Not sure what I expect to hear :), but I hope you may have an idea for combining both representations.

migalkin · 2023-12-24T20:56:55Z

Hi!

I understand that from that point only the tail representations are used to feed the MLP.

Those aren't really tail representations anymore because message passing updates all node states and starts with initial node states called boundary (where you can append LLM features):

ULTRA/ultra/models.py

Lines 137 to 140 in 33c6e6b

    
           # initial (boundary) condition - initialize all node states as zeros 
        
           boundary = torch.zeros(batch_size, data.num_nodes, self.dims[0], device=h_index.device) 
        
           # by the scatter operation we put query (relation) embeddings as init features of source (index) nodes 
        
           boundary.scatter_add_(1, index.unsqueeze(1), query.unsqueeze(1))

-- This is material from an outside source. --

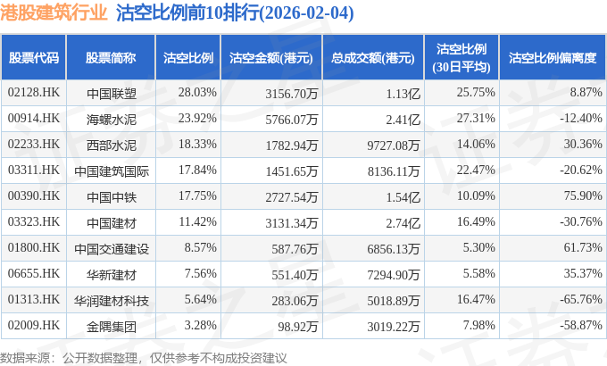 从沽空比例来看,中国联塑、海螺水泥、西部水泥沽空比例位居行业前三,分别为28.03%、23.92%、18.33%。

In the GNN layer code, we use those boundary states together with the current message (eg, with the sum aggregation):

ULTRA/ultra/layers.py

Lines 192 to 194 in 33c6e6b

    
           if self.aggregate_func == "sum": 
        
               update = generalized_rspmm(edge_index, edge_type, edge_weight, relation, input, sum="add", mul=mul) 
        
               update = update + boundary

That is, in each GNN layer we actually do have an interaction function of (initial) head and (current) node states.

Adding other entity/relation features seems quite straightforward, I see two possible ways:

Early interaction - you'd need to re-train the model from scratch because all weight matrices will be of different dimensions

You can add LLM features of relations right into the graph of relations (so structural and LLM features will be mixed in the GNN) by appending those extra features to the initialized boundary:

ULTRA/ultra/models.py

Lines 57 to 65 in 33c6e6b

    
           # initialize initial nodes (relations of interest in the batcj) with all ones 
        
           query = torch.ones(h_index.shape[0], self.dims[0], device=h_index.device, dtype=torch.float) 
        
           index = h_index.unsqueeze(-1).expand_as(query) 
        
           # initial (boundary) condition - initialize all node states as zeros 
        
           boundary = torch.zeros(batch_size, data.num_nodes, self.dims[0], device=h_index.device) 
        
           #boundary = torch.zeros(data.num_nodes, *query.shape, device=h_index.device) 
        
           # Indicator function: by the scatter operation we put ones as init features of source (index) nodes 
        
           boundary.scatter_add_(1, index.unsqueeze(1), query.unsqueeze(1))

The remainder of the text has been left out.